The systematic review is one of the most demanding forms of scholarship. Its authority rests not on a single clever insight but on a method so transparent that another team could repeat it and reach the same conclusions. Every decision — which databases were searched, with which terms, how records were screened and data extracted, how risk of bias was judged — is meant to be reported in enough detail to be checked. It is precisely this commitment to method that makes the arrival of artificial intelligence in evidence synthesis so consequential. Review teams now use AI and machine-learning tools to help screen thousands of abstracts, classify studies, extract data and even draft text. These tools save effort, but they introduce decisions that must be reported with the same rigour as every other step, or the chain of transparency breaks. This article examines how disclosure norms are forming, drawing on the generative-AI disclosure domain of the CASRAI Dictionary.
Why AI in evidence synthesis is different
Disclosing AI use in an ordinary research article is largely about honesty and attribution. In a systematic review the stakes are higher, because the AI is not merely an aid to writing but a participant in the method itself. When a machine-learning classifier helps decide which abstracts are worth full-text screening, it shapes which evidence enters the review and which is excluded. An undisclosed, undocumented automated screening step is a hole in the method through which bias and error can enter unseen. The reader cannot judge a review’s reliability without knowing that part of the screening was automated, which tool was used, how it was configured, and how its decisions were checked. Transparency about AI is therefore not an optional courtesy; it is part of the reproducibility that gives a review its standing.
PRISMA 2020 and reporting completeness
The dominant standard for reporting systematic reviews is PRISMA 2020 — the Preferred Reporting Items for Systematic Reviews and Meta-Analyses. PRISMA does not tell authors how to conduct a review; it specifies what they must report so that readers can assess and reproduce it. Its items cover the search, the selection process, the data-collection process and much else, and its flow diagram tracks records from identification through screening to inclusion. The logic of PRISMA maps naturally onto the question of AI: wherever an automated tool participated in identification, screening, data extraction or synthesis, the completeness PRISMA demands implies that this participation be described. The reporting community has been extending this thinking, with guidance and PRISMA-style extensions clarifying how the use of automation tools should appear in the methods and in the flow of records, so that an AI-assisted review is documented to the same standard as a wholly manual one.

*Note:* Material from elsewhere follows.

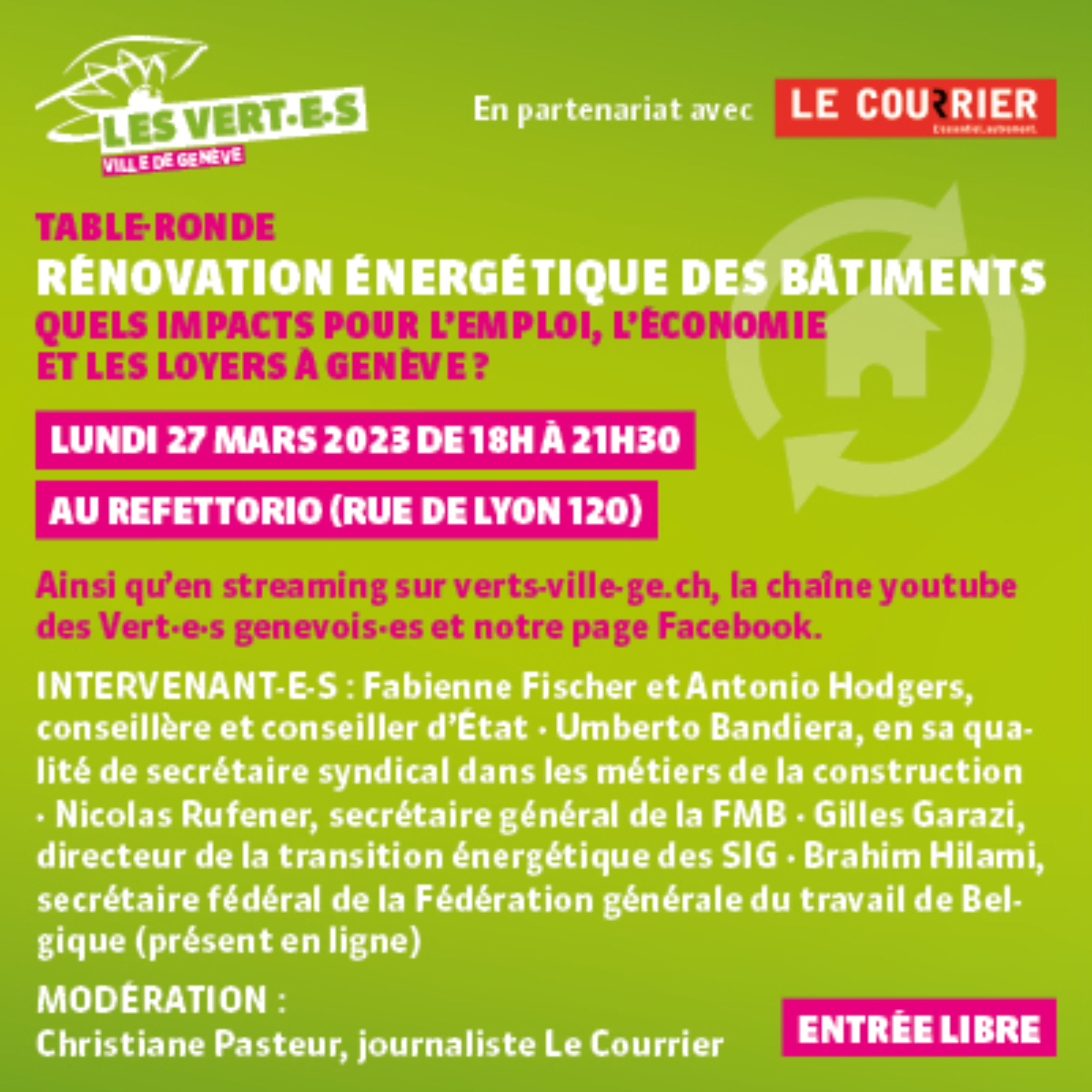 La section des Vert-e-s Ville de Genève a organisé, en partenariat avec Le Courrier, une table ronde « Rénovation énergétique des bâtiments : Quels impacts pour l’emploi, l’économie et les loyers à Genève ? », le lundi 27 mars dernier à 18h au Refettorio (rue de Lyon 120). Cette soirée a permis des échanges constructifs entre les acteurs et actrices de cette transition : les entreprises, les représentant-e-s des salarié-e-s, les SIG, et le Conseil d’Etat. Vous pouvez visionner le live par ICI !

Cochrane and the careful adoption of automation
Few organisations have engaged with automation in reviews as deeply as Cochrane, whose systematic reviews are a benchmark for the field. Cochrane has cautiously adopted machine-learning tools for tasks such as study classification and screening prioritisation, while insisting they be used in ways that preserve the rigour and transparency reviews require. The consistent themes are instructive: automation may assist human reviewers but should not silently replace human judgement on consequential decisions; a tool’s performance and limitations must be understood; and its use must be reported. Cochrane’s measured approach offers a model for the field, demonstrating that the answer to AI in evidence synthesis is neither prohibition nor uncritical enthusiasm but disciplined, transparent use.
The RAISE recommendations
As AI tools have proliferated, the community has worked towards shared recommendations for using them responsibly in evidence synthesis, captured in efforts under the banner of RAISE — responsible AI in evidence synthesis. The thrust of such work is to articulate principles that let reviewers benefit from AI without compromising the integrity of their conclusions. These principles recur across the emerging guidance:
- Human responsibility. The review team remains accountable for every decision, including those an AI tool assisted; responsibility cannot be delegated to a tool.
- Transparency of tools. The specific tools used, their versions and how they were configured should be reported, so the method can be understood and repeated.

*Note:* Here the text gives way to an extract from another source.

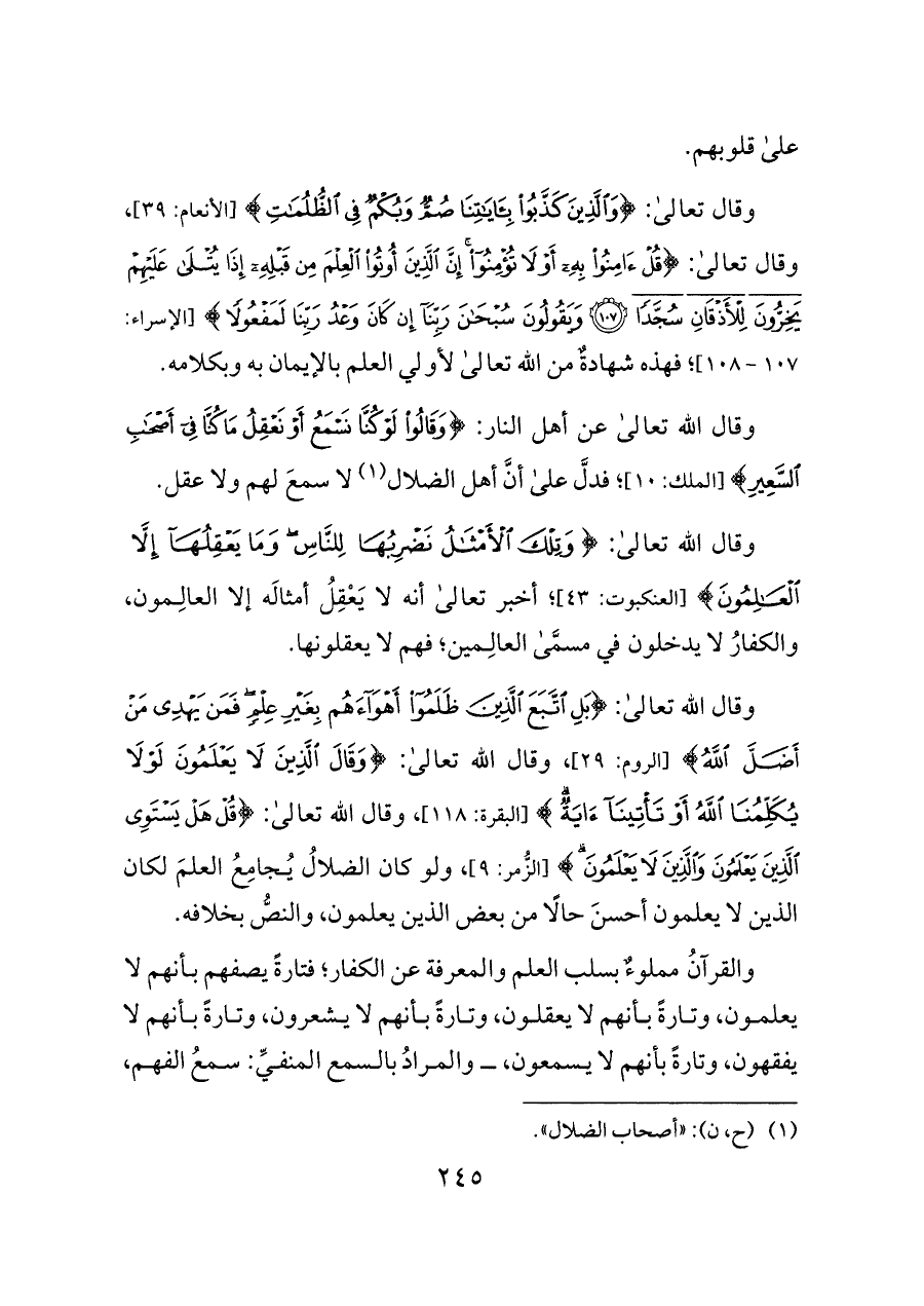 وقال الله تعالى: {بَلِ اتَّبَعَ الَّذِينَ ظَلَمُوا أَهْوَاءَهُمْ بِغَيْرِ عِلْمٍ فَمَنْ يَهْدِي مَنْ أَضَلَّ اللَّهُ} [الروم: ٢٩]، وقال الله تعالى: {وَقَالَ الَّذِينَ لَا يَعْلَمُونَ لَوْلَا يُكَلِّمُنَا اللَّهُ أَوْ تَأْتِينَا آيَةٌ} [البقرة: ١١٨]، وقال الله تعالى: {قُلْ هَلْ يَسْتَوِي الَّذِينَ يَعْلَمُونَ وَالَّذِينَ لَا يَعْلَمُونَ} [الزُّمر: ٩]، ولو كان الضلالُ يُجامِعُ العلمَ لكان الذين لا يعلمون أحسنَ حالًا من بعض الذين يعلمون، والنصُّ بخلافه.

- Validation. The performance of an AI tool on the task at hand should be assessed, and its outputs checked, rather than trusted blindly.
- Clear reporting of role. Exactly which steps the AI participated in — screening, extraction, synthesis — should be stated, so readers know where human and machine judgement met.

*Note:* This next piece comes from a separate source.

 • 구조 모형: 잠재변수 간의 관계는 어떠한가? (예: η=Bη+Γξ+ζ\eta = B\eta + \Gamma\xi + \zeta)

What an AI-assisted review should report
Drawing these strands together, an evidence synthesis that used AI should make several things plain: it should name the tools and their versions and describe what each was used for; explain how each was configured and, where relevant, trained or calibrated; describe how its decisions were checked, such as whether a sample of automated screening decisions was verified by human reviewers; and be honest about limitations. None of this requires abandoning AI; it requires treating AI exactly as the method demands every other step be treated — described fully enough to be judged and repeated. A review that conceals its use of automation forfeits the very transparency that distinguishes evidence synthesis from mere opinion.
A consistent vocabulary for AI disclosure
For disclosures of this kind to be useful across journals, databases and the systems that index reviews, what is being disclosed has to be described consistently — which tool, used for which task, checked in which way. That consistency is what the CASRAI Dictionary works towards: a shared vocabulary so that a statement about AI use in a review means the same thing wherever it is recorded. And because conducting a systematic review is substantial, recognisable scholarly work — searching, screening, extracting, appraising, synthesising — the contributions behind it can be described in the same shared framework, the CRediT taxonomy and its full set of contribution roles, which sits within the broader practice of research administration. AI will keep changing how evidence is synthesised; the enduring obligation — to report the method fully and honestly — is what keeps a review trustworthy.